■ SOURCE MATERIAL:
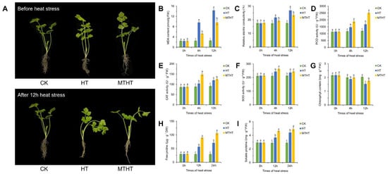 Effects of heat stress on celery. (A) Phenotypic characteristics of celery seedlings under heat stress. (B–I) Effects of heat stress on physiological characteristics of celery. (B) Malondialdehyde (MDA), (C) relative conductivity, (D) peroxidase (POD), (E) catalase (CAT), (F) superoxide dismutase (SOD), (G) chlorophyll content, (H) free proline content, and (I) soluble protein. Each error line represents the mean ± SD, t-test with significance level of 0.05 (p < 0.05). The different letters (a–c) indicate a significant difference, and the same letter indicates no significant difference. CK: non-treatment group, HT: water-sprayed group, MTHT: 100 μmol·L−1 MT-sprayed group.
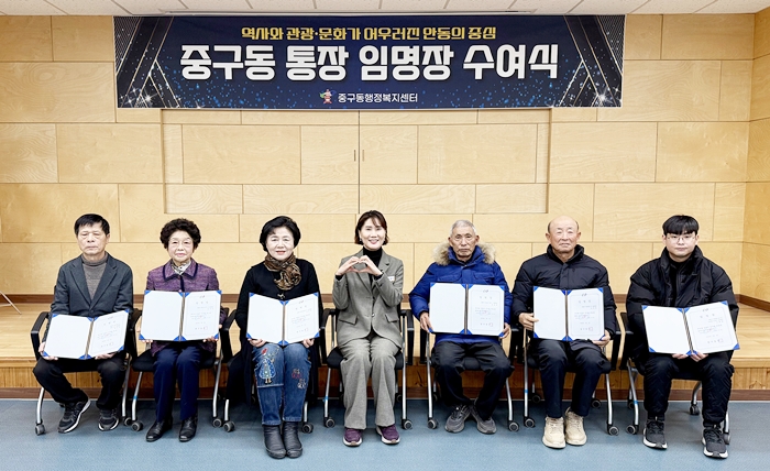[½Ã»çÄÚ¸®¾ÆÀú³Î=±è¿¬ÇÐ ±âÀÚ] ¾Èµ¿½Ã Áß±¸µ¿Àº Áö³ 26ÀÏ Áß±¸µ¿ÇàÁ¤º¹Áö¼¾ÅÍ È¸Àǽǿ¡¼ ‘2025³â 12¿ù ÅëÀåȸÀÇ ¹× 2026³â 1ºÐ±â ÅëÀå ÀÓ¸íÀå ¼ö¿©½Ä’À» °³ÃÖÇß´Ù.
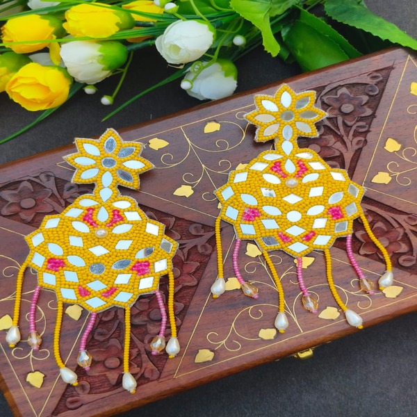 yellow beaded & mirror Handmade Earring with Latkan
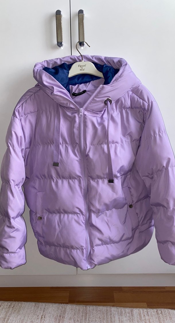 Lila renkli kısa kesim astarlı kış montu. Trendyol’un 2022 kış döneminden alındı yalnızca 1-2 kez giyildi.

■ EXERCISE PROMPT: Print every line of the data exactly. Pictures do not belong in the copy.

■ RESPONSE AREA:
 Effects of heat stress on celery. (A) Phenotypic characteristics of celery seedlings under heat stress. (B–I) Effects of heat stress on physiological characteristics of celery. (B) Malondialdehyde (MDA), (C) relative conductivity, (D) peroxidase (POD), (E) catalase (CAT), (F) superoxide dismutase (SOD), (G) chlorophyll content, (H) free proline content, and (I) soluble protein. Each error line represents the mean ± SD, t-test with significance level of 0.05 (p < 0.05). The different letters (a–c) indicate a significant difference, and the same letter indicates no significant difference. CK: non-treatment group, HT: water-sprayed group, MTHT: 100 μmol·L−1 MT-sprayed group.
[½Ã»çÄÚ¸®¾ÆÀú³Î=±è¿¬ÇÐ ±âÀÚ] ¾Èµ¿½Ã Áß±¸µ¿Àº Áö³ 26ÀÏ Áß±¸µ¿ÇàÁ¤º¹Áö¼¾ÅÍ È¸Àǽǿ¡¼ ‘2025³â 12¿ù ÅëÀåȸÀÇ ¹× 2026³â 1ºÐ±â ÅëÀå ÀÓ¸íÀå ¼ö¿©½Ä’À» °³ÃÖÇß´Ù.
 yellow beaded & mirror Handmade Earring with Latkan
 Lila renkli kısa kesim astarlı kış montu. Trendyol’un 2022 kış döneminden alındı yalnızca 1-2 kez giyildi.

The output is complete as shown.